What the task asks: Below are some entries. Repeat exactly the lines from the one with "3840 х 2160" through the one with "Forminhas do mar", and only those.

Raw data:

+++++

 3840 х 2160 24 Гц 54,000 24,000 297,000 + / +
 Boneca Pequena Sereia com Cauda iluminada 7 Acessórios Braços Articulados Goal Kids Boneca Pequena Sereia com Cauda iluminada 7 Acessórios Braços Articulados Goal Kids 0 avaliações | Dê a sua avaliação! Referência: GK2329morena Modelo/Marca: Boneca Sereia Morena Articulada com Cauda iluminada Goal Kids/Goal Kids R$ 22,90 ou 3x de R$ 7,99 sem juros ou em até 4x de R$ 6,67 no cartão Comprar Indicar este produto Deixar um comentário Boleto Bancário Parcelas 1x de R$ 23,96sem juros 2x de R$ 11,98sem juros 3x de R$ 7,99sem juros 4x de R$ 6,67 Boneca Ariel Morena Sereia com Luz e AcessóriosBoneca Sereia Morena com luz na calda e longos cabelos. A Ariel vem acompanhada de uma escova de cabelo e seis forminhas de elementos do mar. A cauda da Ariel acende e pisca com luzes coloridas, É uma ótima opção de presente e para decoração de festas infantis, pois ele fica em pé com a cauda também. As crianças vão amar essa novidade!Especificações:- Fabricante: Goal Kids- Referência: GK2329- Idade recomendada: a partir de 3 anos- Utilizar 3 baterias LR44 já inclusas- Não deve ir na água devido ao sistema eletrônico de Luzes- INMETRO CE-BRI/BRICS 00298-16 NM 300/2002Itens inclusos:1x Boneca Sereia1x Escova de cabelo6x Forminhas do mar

+++++

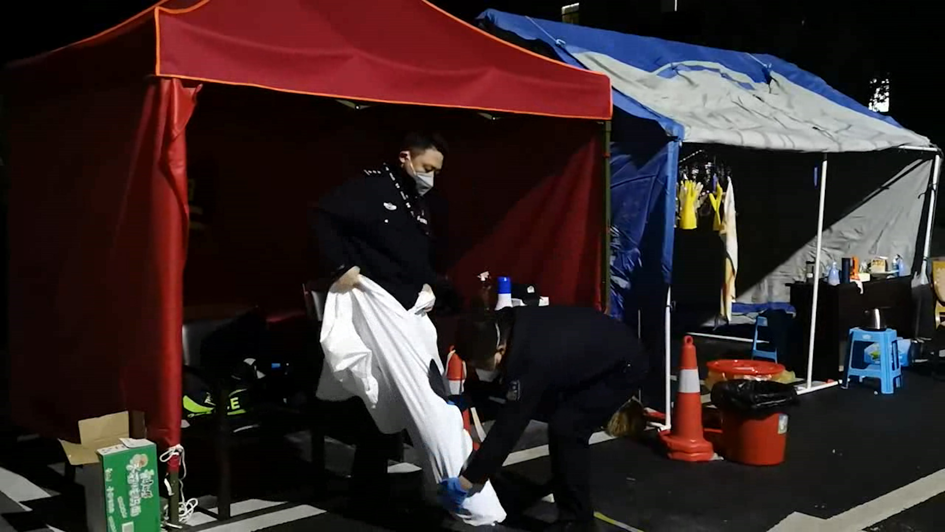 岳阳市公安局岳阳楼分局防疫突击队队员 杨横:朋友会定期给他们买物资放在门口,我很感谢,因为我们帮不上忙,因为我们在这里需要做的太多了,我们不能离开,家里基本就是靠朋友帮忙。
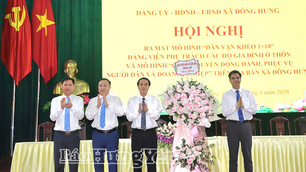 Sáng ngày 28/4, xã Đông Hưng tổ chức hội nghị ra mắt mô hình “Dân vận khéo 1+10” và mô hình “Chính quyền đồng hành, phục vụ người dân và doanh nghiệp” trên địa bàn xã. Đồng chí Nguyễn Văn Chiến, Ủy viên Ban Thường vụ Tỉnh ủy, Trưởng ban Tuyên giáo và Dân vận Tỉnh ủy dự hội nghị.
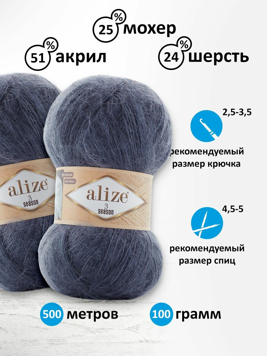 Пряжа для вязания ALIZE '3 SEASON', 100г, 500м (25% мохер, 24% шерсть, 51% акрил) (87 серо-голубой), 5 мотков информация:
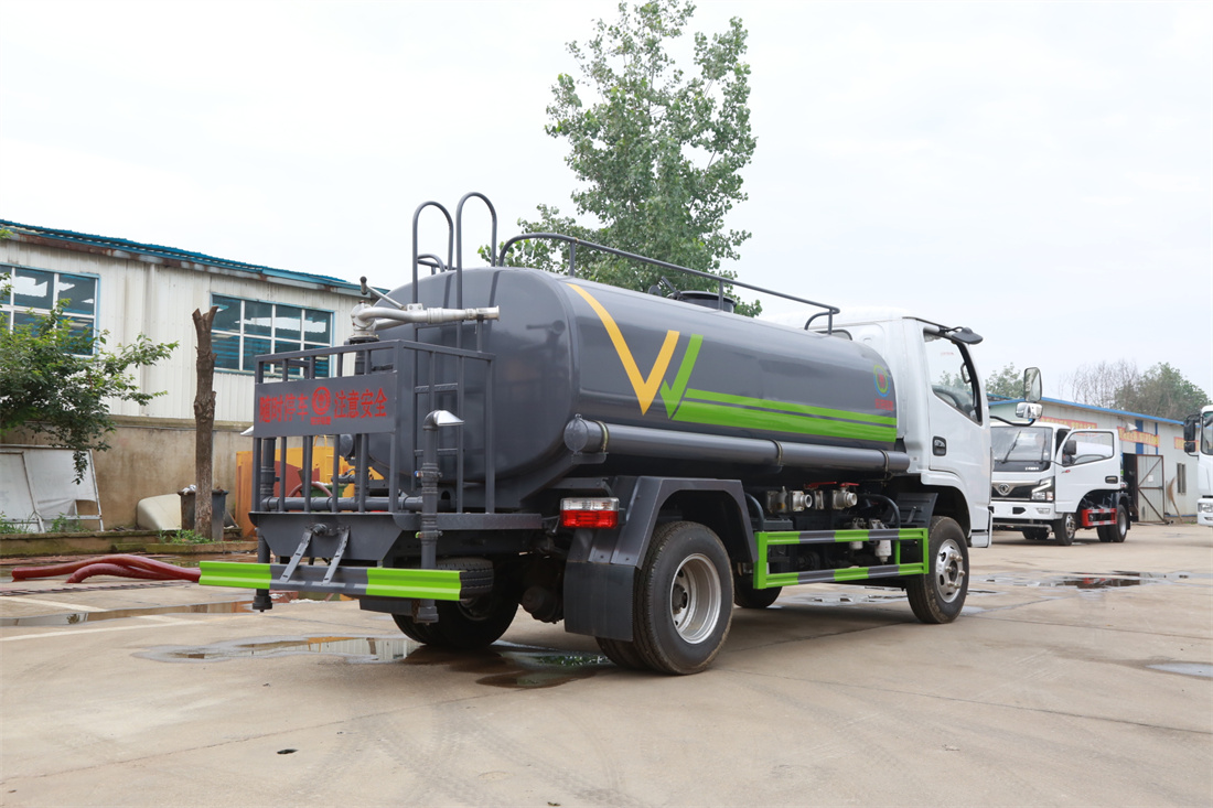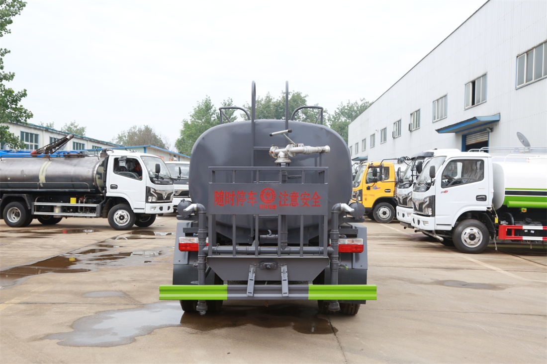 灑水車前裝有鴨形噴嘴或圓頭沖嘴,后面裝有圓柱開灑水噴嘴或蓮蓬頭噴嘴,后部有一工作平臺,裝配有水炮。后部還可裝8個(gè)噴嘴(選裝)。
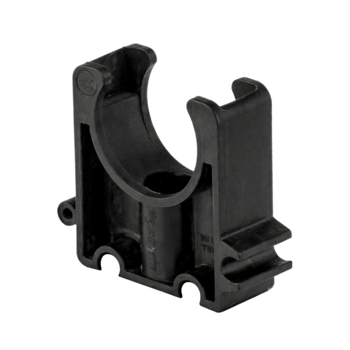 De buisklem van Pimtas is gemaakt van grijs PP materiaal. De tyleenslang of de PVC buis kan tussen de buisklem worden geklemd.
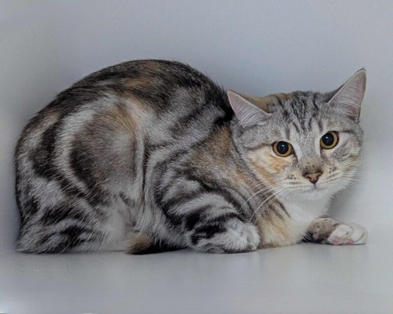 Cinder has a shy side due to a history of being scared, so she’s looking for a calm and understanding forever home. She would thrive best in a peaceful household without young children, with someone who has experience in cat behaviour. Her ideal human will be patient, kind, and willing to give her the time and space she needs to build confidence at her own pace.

+++++

Answer section:
 3840 х 2160 24 Гц 54,000 24,000 297,000 + / +
 Boneca Pequena Sereia com Cauda iluminada 7 Acessórios Braços Articulados Goal Kids Boneca Pequena Sereia com Cauda iluminada 7 Acessórios Braços Articulados Goal Kids 0 avaliações | Dê a sua avaliação! Referência: GK2329morena Modelo/Marca: Boneca Sereia Morena Articulada com Cauda iluminada Goal Kids/Goal Kids R$ 22,90 ou 3x de R$ 7,99 sem juros ou em até 4x de R$ 6,67 no cartão Comprar Indicar este produto Deixar um comentário Boleto Bancário Parcelas 1x de R$ 23,96sem juros 2x de R$ 11,98sem juros 3x de R$ 7,99sem juros 4x de R$ 6,67 Boneca Ariel Morena Sereia com Luz e AcessóriosBoneca Sereia Morena com luz na calda e longos cabelos. A Ariel vem acompanhada de uma escova de cabelo e seis forminhas de elementos do mar. A cauda da Ariel acende e pisca com luzes coloridas, É uma ótima opção de presente e para decoração de festas infantis, pois ele fica em pé com a cauda também. As crianças vão amar essa novidade!Especificações:- Fabricante: Goal Kids- Referência: GK2329- Idade recomendada: a partir de 3 anos- Utilizar 3 baterias LR44 já inclusas- Não deve ir na água devido ao sistema eletrônico de Luzes- INMETRO CE-BRI/BRICS 00298-16 NM 300/2002Itens inclusos:1x Boneca Sereia1x Escova de cabelo6x Forminhas do mar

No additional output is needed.